David Zapletal

Computer Simulation of the Anisotropy of Fluorescence in Ring Molecular Systems: Tangential vs. Radial Dipole Arrangement

Time dependence of the anisotropy of fluorescence in recently discovered cyclic antenna units of the BChl photosystem is modeled. Interaction with a bath and a static disorder here modeled as uncorrelated Gaussian disorder in the transfer integrals is taken into account. Parallel computer enviroment is used because one is forced to recalculate every physical quantity for several thousands of different realizations of disorder. Results for the ring LH4 with radial optical transition dipole arrangement are compared with those for the ring LH2 with the tangential one. The difference between LH2 and LH4 results for the static disorder in transfer integrals has an opposite sign in comparison with that one for the static disorder in local energies. Equivalent differences are shifted to a smaller times for the stronger interaction with a bath.

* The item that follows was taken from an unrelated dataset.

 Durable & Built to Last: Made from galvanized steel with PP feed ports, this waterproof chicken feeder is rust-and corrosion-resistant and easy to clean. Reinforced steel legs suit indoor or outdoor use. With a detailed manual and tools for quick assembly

Computer Simulation of the Anisotropy of Fluorescence in Ring Molecular Systems: Influence of Disorder and Ellipticity

We use massively parallelized system for computer simulation of time dependence of the anisotropy of fluorescence for the ring LH2 from Rhodopseudomonas acidophila with tangential optical transition dipole arrangements. Different models of uncorrelated static disorder and also ellipticity (correlated static disorder) in local molecular energies are taken into account. Dynamical disorder, interaction with a bath, is included in Markovian approximation of the equations of motion for the so called exciton density matrix. In this paper we compare the results for two different models of the spectral density of phonon bath.

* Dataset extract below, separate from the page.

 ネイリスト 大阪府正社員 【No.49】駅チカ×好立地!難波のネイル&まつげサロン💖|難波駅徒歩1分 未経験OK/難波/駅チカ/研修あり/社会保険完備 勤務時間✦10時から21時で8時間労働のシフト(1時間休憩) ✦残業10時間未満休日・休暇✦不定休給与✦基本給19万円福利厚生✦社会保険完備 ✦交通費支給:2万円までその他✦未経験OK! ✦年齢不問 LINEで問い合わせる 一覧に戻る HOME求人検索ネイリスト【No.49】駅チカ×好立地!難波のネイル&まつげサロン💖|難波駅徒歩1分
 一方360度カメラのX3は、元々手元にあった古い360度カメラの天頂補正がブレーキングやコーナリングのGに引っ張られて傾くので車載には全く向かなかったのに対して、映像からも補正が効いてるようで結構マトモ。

Computer Simulation of Emission and Absorption Spectra for LH2 Ring

Computer simulation of absorption and steady state fluorescence spectra for molecular system is presented. We focus on the B850 ring from peripheral cyclic antenna unit LH2 of the bacterial photosystem from purple bacteria. Uncorrelated static disorder in radial positions of molecules on the ring is taking into account in our simulations. We consider also influence of dynamic disorder, interaction with phonon bath, in Markovian approximation. Spectral responses are calculated by the cumulant-expansion method of Mukamel et al. Procedure in Fortran was created for calculation of single ring spectra within full Hamiltonian model. These new results are compared with our previous ones (within the nearest neighbour approximation model) that were obtained by software package Mathematica.